START Supplied records

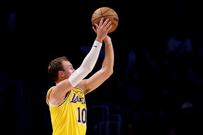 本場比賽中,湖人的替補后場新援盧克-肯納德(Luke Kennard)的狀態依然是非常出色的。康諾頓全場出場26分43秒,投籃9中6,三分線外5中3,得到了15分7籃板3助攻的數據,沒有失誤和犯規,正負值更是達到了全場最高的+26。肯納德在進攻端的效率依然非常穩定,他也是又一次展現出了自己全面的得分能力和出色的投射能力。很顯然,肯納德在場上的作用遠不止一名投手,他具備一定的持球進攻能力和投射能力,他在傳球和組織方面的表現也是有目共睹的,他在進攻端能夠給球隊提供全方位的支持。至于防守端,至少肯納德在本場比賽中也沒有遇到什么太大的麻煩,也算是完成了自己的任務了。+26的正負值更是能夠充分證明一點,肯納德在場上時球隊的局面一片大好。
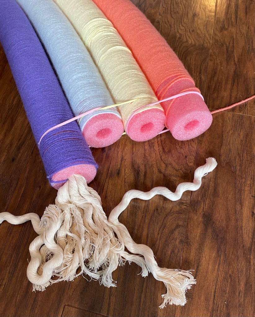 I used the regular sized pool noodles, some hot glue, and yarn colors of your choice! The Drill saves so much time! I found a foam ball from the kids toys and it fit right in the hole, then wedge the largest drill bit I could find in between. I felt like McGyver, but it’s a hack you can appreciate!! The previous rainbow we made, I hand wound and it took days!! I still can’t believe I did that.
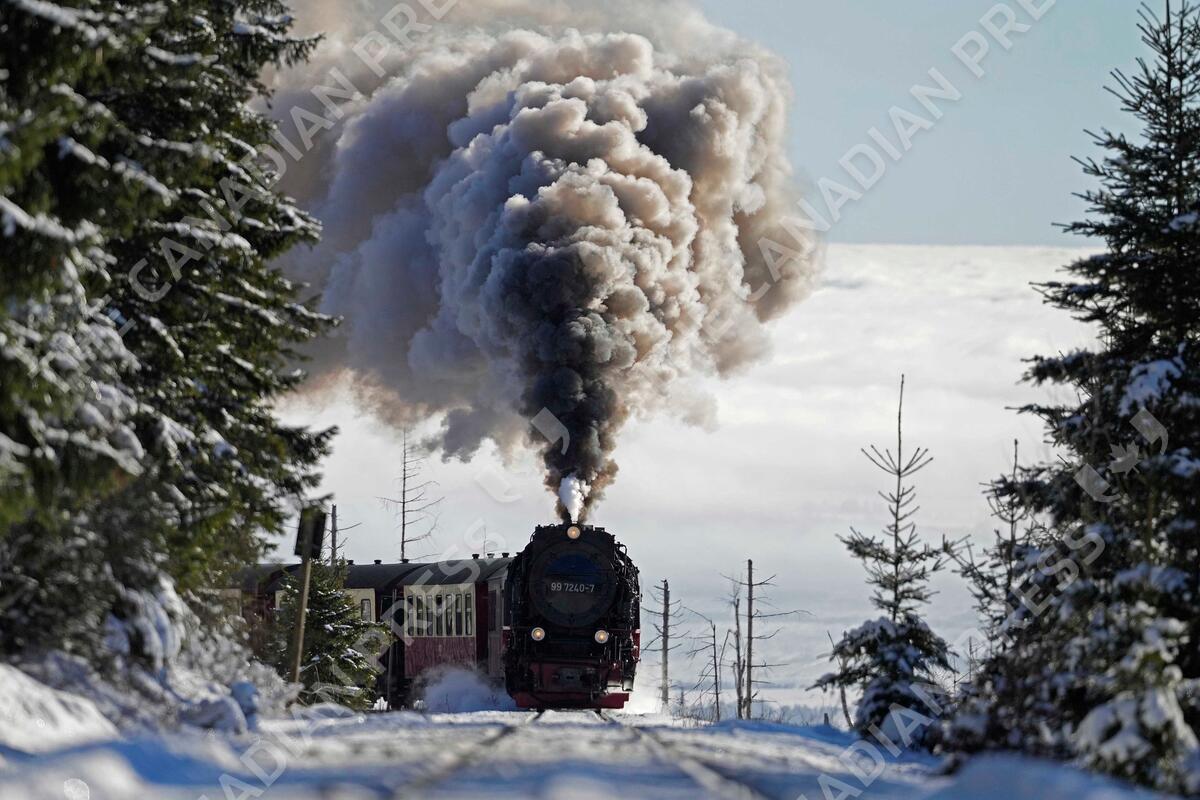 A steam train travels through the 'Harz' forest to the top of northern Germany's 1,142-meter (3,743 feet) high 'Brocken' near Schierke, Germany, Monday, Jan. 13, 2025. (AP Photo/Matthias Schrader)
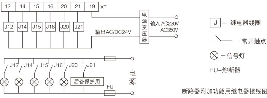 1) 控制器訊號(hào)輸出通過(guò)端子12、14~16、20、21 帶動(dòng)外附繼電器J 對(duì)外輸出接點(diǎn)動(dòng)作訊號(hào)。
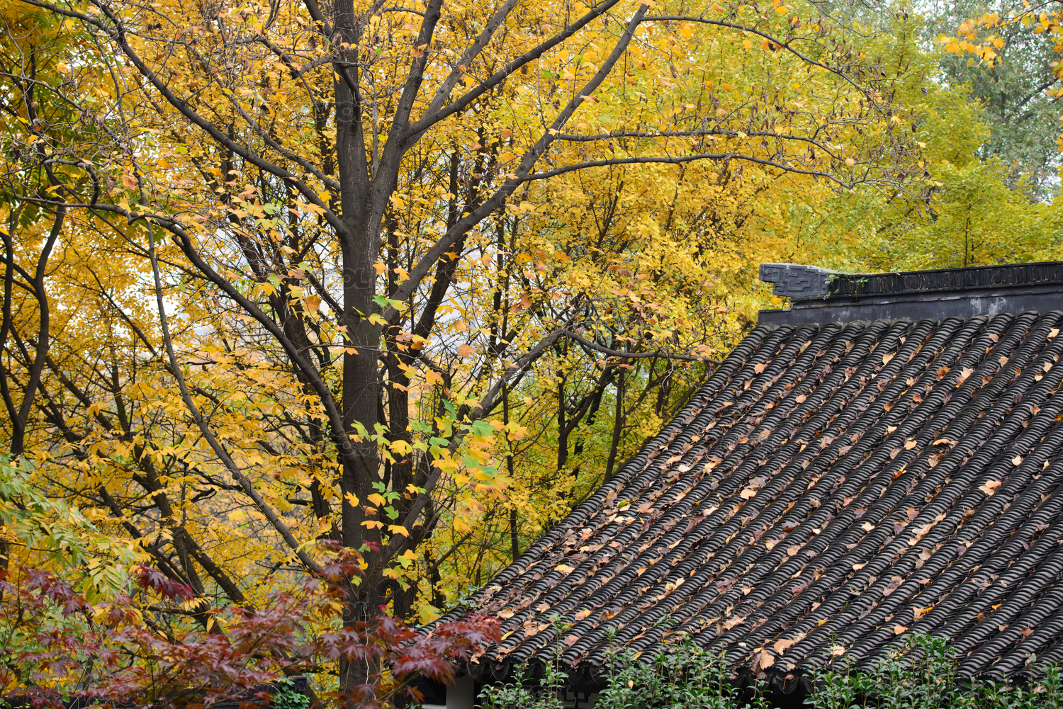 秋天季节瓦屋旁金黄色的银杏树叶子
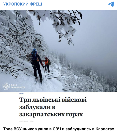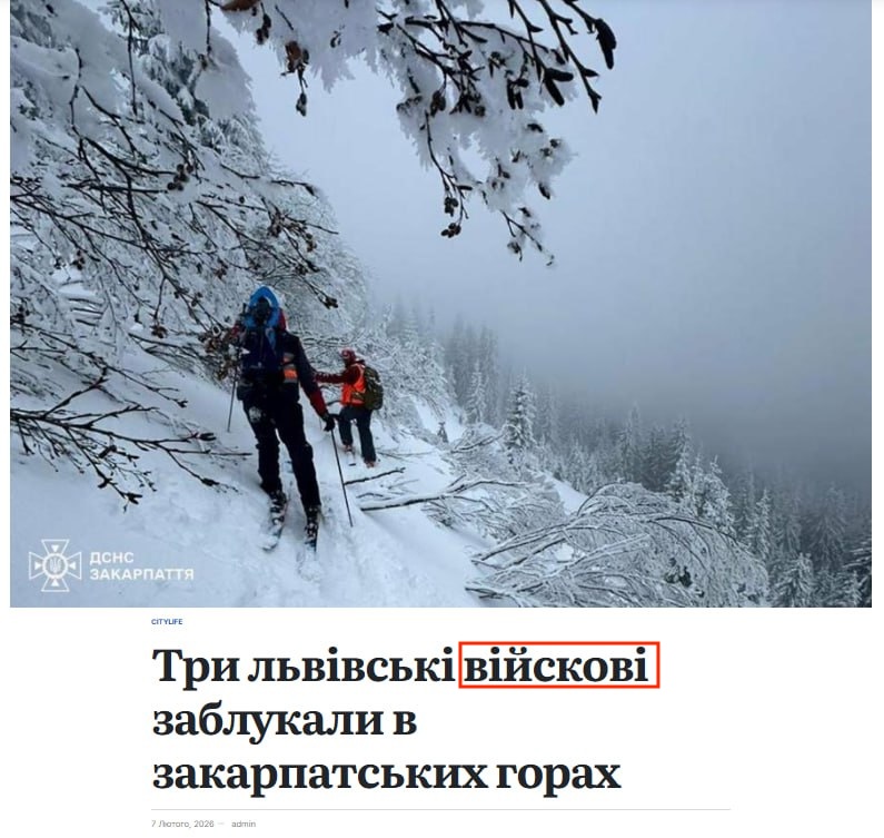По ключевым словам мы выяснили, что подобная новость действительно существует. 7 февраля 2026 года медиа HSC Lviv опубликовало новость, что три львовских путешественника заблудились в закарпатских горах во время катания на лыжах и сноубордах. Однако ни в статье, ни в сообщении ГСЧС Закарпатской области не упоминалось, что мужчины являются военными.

END Supplied records

What is being asked - The required answer is every line from the one containing "A steam train" through the last line of the entries, restated word for word and with no pictures.

Solution to the exercise -
 A steam train travels through the 'Harz' forest to the top of northern Germany's 1,142-meter (3,743 feet) high 'Brocken' near Schierke, Germany, Monday, Jan. 13, 2025. (AP Photo/Matthias Schrader)
 1) 控制器訊號(hào)輸出通過(guò)端子12、14~16、20、21 帶動(dòng)外附繼電器J 對(duì)外輸出接點(diǎn)動(dòng)作訊號(hào)。
 秋天季节瓦屋旁金黄色的银杏树叶子
По ключевым словам мы выяснили, что подобная новость действительно существует. 7 февраля 2026 года медиа HSC Lviv опубликовало новость, что три львовских путешественника заблудились в закарпатских горах во время катания на лыжах и сноубордах. Однако ни в статье, ни в сообщении ГСЧС Закарпатской области не упоминалось, что мужчины являются военными.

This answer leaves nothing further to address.